THE FUGITIVE

"You are no longer daughter of mine!" cried Martin Leland sternly in the first heat of his anger. "You have turned against your own blood like a traitress. You have forsaken your father to ally yourself with a drunken brawler, a man so sunken in depravity that he has murdered his own brother for mere money. You have shamed yourself and your mother and me. You have bared your heart for the world to look at and laugh at, that men may link your name and the name of a common fugitive from justice. You would be held up to less shame had you merely uncovered your body and gone out naked for men to jeer at!"

Wanda, lying white and lax upon the couch near the fireplace, suddenly dropped her mother's hand and sprang to her feet, her body quivering with a quick anger that leaped out to meet her father's.

"Papa!" Her head was thrown up in defiant pride, her vibrant voice, her blazing eyes were as hard as his own. "I won't listen to such things, not even from you. They are untrue. You say that Wayne ran away because he is guilty and a coward. You know better than that! He is not a fugitive from justice; he is forced by the things you have done to become a fugitive from injustice and persecution. Oh, how can you stand there and denounce him after you have set your hand against him as you have? Or don't you think that I know how you and the rest have sought to rob him and ruin him!"

"What!" stormed Leland. "Is the girl mad?"

"No, I am not mad," she flung back at him hotly, all facts and considerations swept away before the rush of her furious indignation except the one vital matter that she was fighting for a thing as dear as her lover's life. "You can find no name too bad for him, just because you hate him! You have always hated him just because he is his father's son. You and his own cousin, two men whom he has trusted, have tricked him and betrayed him. You have hidden from him all knowledge of the mortgage you held upon the Bar L-M. Even now you are trying to steal his ranch from him. Wayne has never done a thing so vile as that in all his life. Oh! I am ashamed."
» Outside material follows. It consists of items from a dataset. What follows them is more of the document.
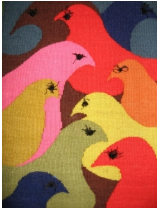
Birdwatching, 2009 Figuratief geweven, 120 x 150 cm
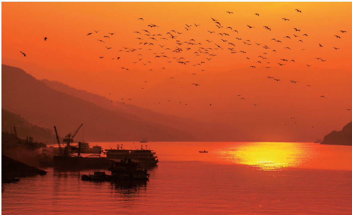
▲长江巴东段，霞光映江、白鹭翩翩，人与自然和谐共生。
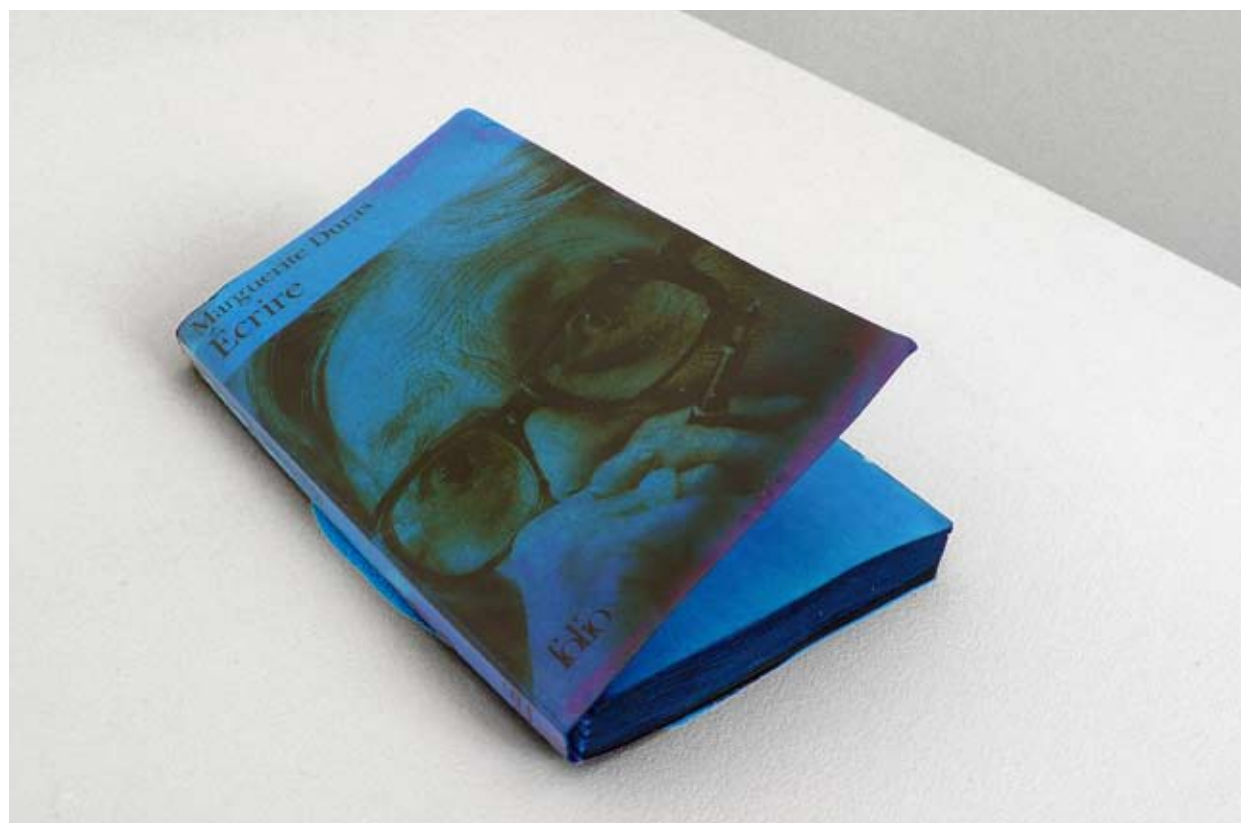
Thu Van Tran, Écrire Duras , 2009. Livre, bleu de méthylène, 10,5 x 18 x 1 cm. © Thu Van Tran.
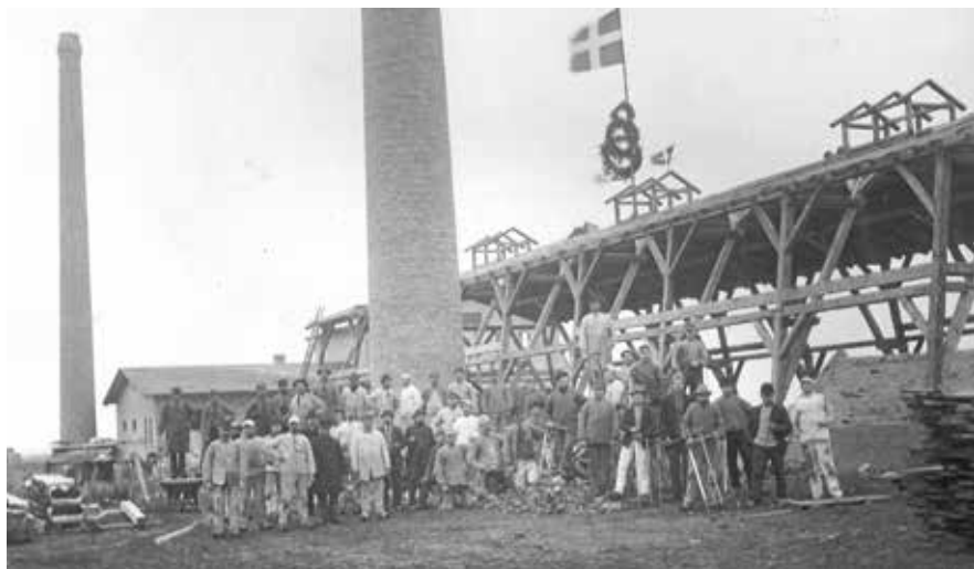
Arbejdere foran Tølløse Teglværk ved rejsegildet marts 1897 (Tølløse Lokalkiv).

de stige trin af jern, således, at når skorstenen er færdig, er der trin fra jorden til skorstenens top.
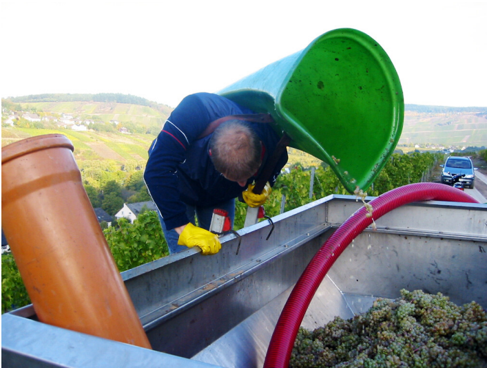
Weinbau und Weinlese an der Mosel: geerntete Trauben werden aus der "Hotte" in den Transportwagen geschüttet (2003 bei Traben-Trarbach).
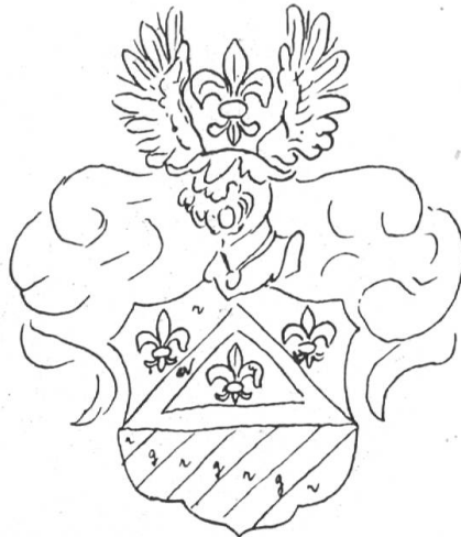
Fig. 62. Pernisch
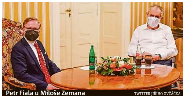
Petr Fiala u Miloše Zemana
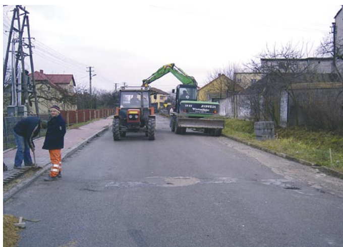
Remont ulicy Szkolnej w Łopusznie (data wykonania: grudzień 2008 r. źródło finansowania: gmina 100 %, wykonawca: Świętokrzyskie Przedsiębiorstwo Robót Drogowych „TRAKT” Sp. z o.o.)

Her voice grew harsh in her throat; her face was no longer white, two spots of anger burned in her cheeks. She broke off panting, her eyes growing harder, brighter as they challenged his.

"Martin," cried Mrs. Leland, coming swiftly to the girl's side. "Be careful."

"Careful!" shouted Leland, his face red with his fury. "When one of my blood loses her last shred of decency, when she takes up with a low, dissolute unprincipled Shandon? The worst of a bad lot. May God curse him, may God curse her if she clings to him!"

"You have never spoken to me like this before," cried Wanda passionately. "You will never do it again."